So here I am with a glass of red wine and my thoughts.
This week has been fairly calm, but looking ahead on the calendar, I see next week will be much different. Sunday Kathy and I are doing the local 5K breast cancer walk/run. Having successfully worked out for weeks now, my calves, thighs, and portions of my arms are beginning to bulge to proportions never seen on a human female before. I foolishly thought that perhaps I would become a slightly more slim version of my former self. Instead, I find I am only adding on to my already Amazonian stature, enlarging like a steroid-shooting member of the Super Friends. However, I digress. After the race, we plan on joining Kathy's family at a nearby lake for some rest and relaxation with the boys before a week that contains one salon appointment to rid myself of my split ends, an appointment in which we must hold our screaming child down to have his teeth lacquered, one session of pool therapy, our first transition meeting with a rather intimidating panel of professionals, and our neighbor's graduation party, which, while in the midst of some sort of fleeting manic, euphoric state, I agreed to help set up. In addition, I have to cram work in there somewhere.
Admittedly, however, the big day is Tuesday, which is Erik's end-of-the-year party for his early intervention program (EIP). This isn't our actual end yet, as Erik attends four more weeks of summer program. Then it's officially over for good, as Erik will turn 3 this fall and transition into "normal" preschool. In short, this means no more EIP.
I confess that I find myself more than a little sad about this. After all, EIP is where we began our journey, and I will never forget meeting the first members of "Team Erik." Frankly, I had no desire initially to meet any of them and bristled at the whole experience, thinking it was all temporary and that Erik would soon prove everybody wrong, including his pediatrician, but as I surrendered to the horrible permanency of our situation, I have grown to appreciate all of them and even feel love for some of them. I will soon no longer be required to pass by the little evaluation room on the way to Erik's classroom each week and feel my heart break a little bit every time. I have only been inside that room once on just one very horrible day. I can't stomach the sight of it with its child-sized wooden kitchenette and brightly-colored educational toys. Its cheery contents mask the absolute gut-wrenching heartbreak that is experienced inside. In rooms like these I now never fail to notice the very subtle but ominous presence of a single box of tissues ready to absorb grief. I see the table where Brian and I sat that very first day and the two-way mirror through which we were observed. Most weeks I pass by this room without turning my head, but when I accept an occasional self-imposed dare to glance that direction, my stomach lurches on my way by. Sometimes there are parents and a child casually playing on the floor inside, but mostly the place is deserted and quiet. I resist an occasional urge to stop and stare. It's crazy, but I am certain there is a piece of me still trapped in that room. I recognize it as ghostly vapor in my peripheral vision as I pass, but it vanishes when I turn to look at it. It is no longer mine. It is forever lost to me, doomed to haunt the place forever. Perhaps one day another mother will feel it pass by in the middle of shaking her head at the forms piling up in front of her like a paper snowdrift. Perhaps she will wonder at the sudden goosebumps on her skin and turn her head to smile at her child sitting on the floor staring blankly ahead for reasons about to be discovered as she begins a nightmare of her very own.

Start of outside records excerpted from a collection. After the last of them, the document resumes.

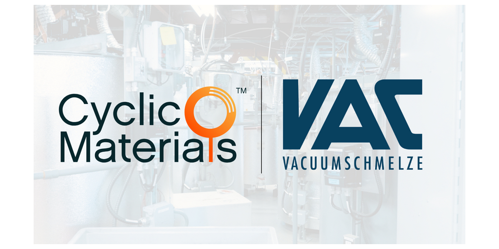 TORONTO--(BUSINESS WIRE)--Cyclic Materials, l'azienda di riciclaggio all'avanguardia che crea una catena di fornitura circolare per elementi di terre rare (REE) e altri materiali critici, oggi ha annunciato un'espansione della sua collaborazione con VACUUMSCHMELZE (VAC), sviluppatore leader nel settore dei materiali e della soluzioni magnetiche.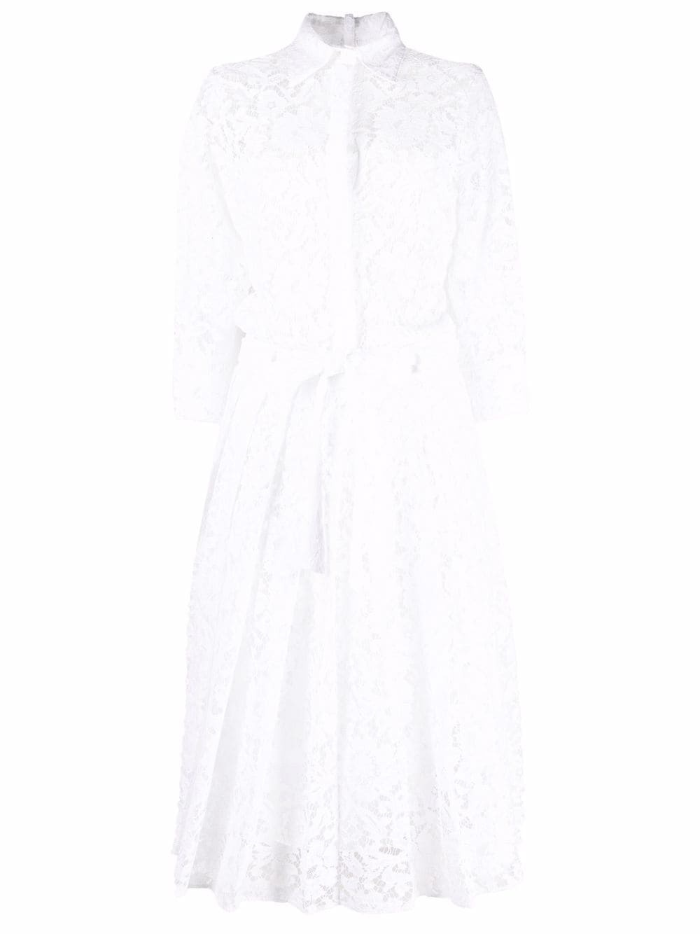 floral-lace pleated shirt-dress
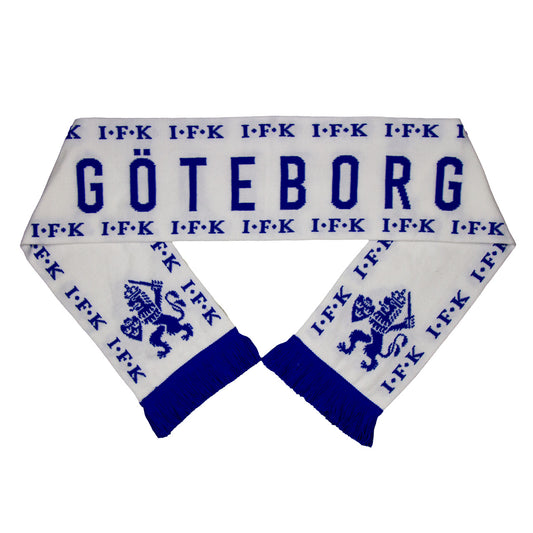 Stickad halsduk i vitt med blåa detaljer, halsduken har lejon i vardera ände samt texten IFK och Göteborg.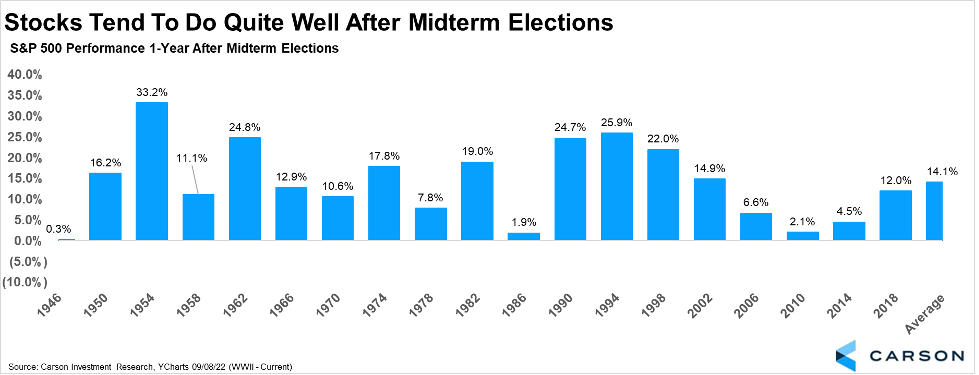 - Stocks have been higher a year after midterm elections ever since World War II.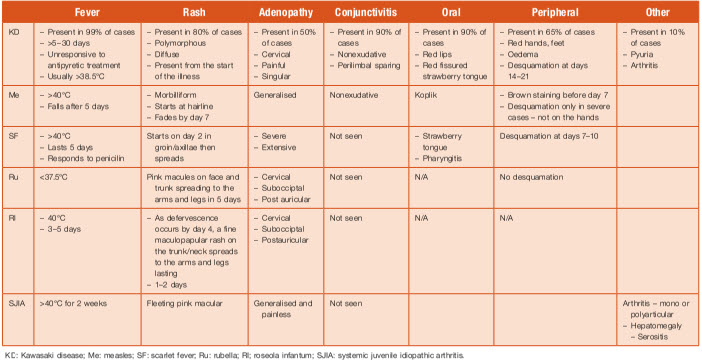 A 2-year-old girl presents with fever, sore throat and coryzal illness for 5 days. She developed a maculopapular pink rash on day 2 of her illness as well as ‘pink eyes’. She appears miserable on examination with a temperature of 40°C, bilateral conjunctivitis with exudate, phayngeal injection and dry, fissured lips. She has painful cervical adenopathy and a profuse pink morbilliform rash on her trunk.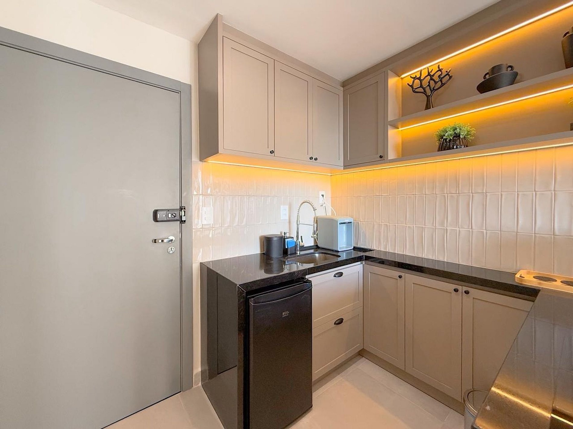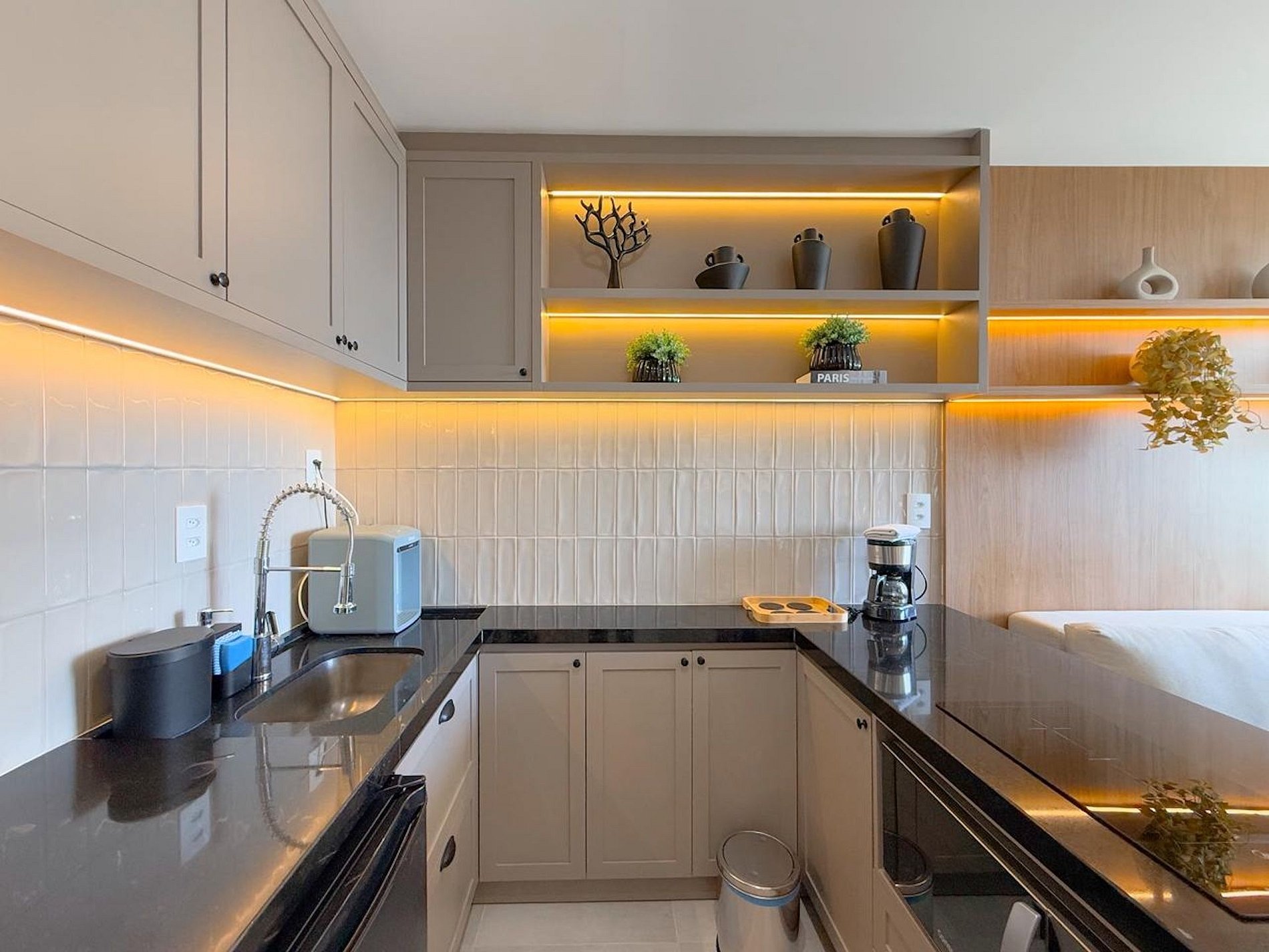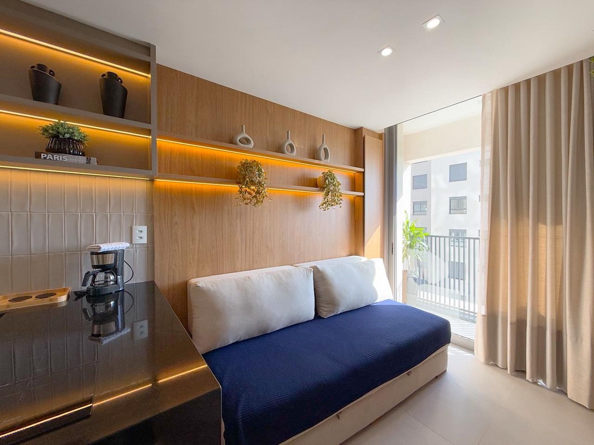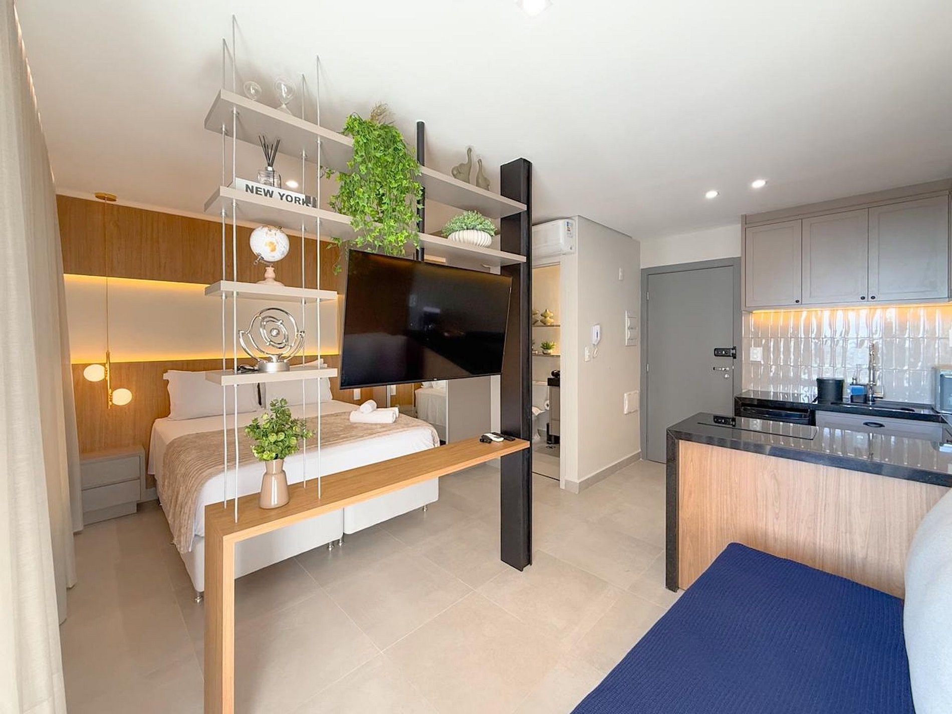 Este estúdio no 14º andar do Hype 017 foi projetado com detalhes inteligentes que transformam o ambiente em um refúgio moderno e acolhedor: marcenaria elegante, iluminação embutida que valoriza cada textura, cortinas longas que trazem suavidade e um layout que integra tudo com harmonia.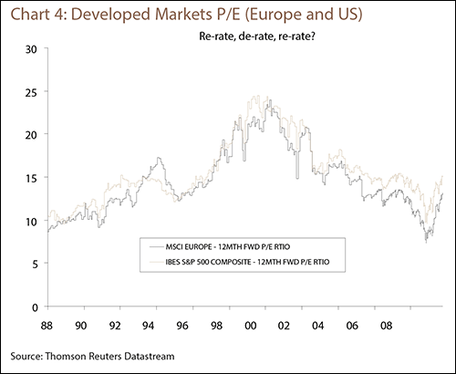If the winning combination for stock markets is “Depressed Prices + Sudden Credit Easing” then 2009 fits the formula perfectly. As we can see from the graph above, at the start of 2009 credit spreads were as wide as they had last been in the Great Depression since when they have halved giving credit investors their best ever year for returns. Even though spreads remain elevated in absolute terms, because interest rates are near to zero the cost of borrowing for many – though by no means all - companies (corporate bond yields) and individuals (mortgage rates) is at all time lows. With this considerable stimulus from credit easing, many investors have become concerned that this will lead to inflation in the price of goods and services. Others continue to worry about a Japanese style deflationary scenario. It is possibly that both are equally wrong. As Fridson has suggested, is it not more likely that this inflation is experienced first in financial assets, particularly in view of the longer term deflationary forces unleashed by globalisation? Could it be that developed market equities having suffered a decade of de-rating get re-rated in a zerointerest rate environment?

I now have four weeks of parent group remaining in the room just down the hall. In this particular room, we are on our second coffeemaker, and the chairs are almost always full. I have watched mothers and fathers come and go, most of whose names never sank into me somehow, and I sometimes briefly wonder what happened to them. As for me, I will soon be a memory here and will leave my wooden rocking chair for another mother with a newly jumbled heart to occupy. This fall when I enter the front door, I will turn to walk down a new, unexplored hallway to Erik's preschool classroom, but I will undoubtedly glance through this familiar doorway on my way by, too, remembering the first day I my feet took me into this room instead of straight out the front door to my car. I will always remember this room, but I will no longer be a member inside. The metal door will be closed tightly, and through the safety glass window I will glimpse another pale face silently floating over a cup of lukewarm coffee. Our eyes will meet, and I will turn to continue my way down the hallway into a brightly lit classroom filled with construction paper turkeys, long tables, and tiny chairs instead of therapeutic swings and exercise balls.
I will graduate right along with Erik this year.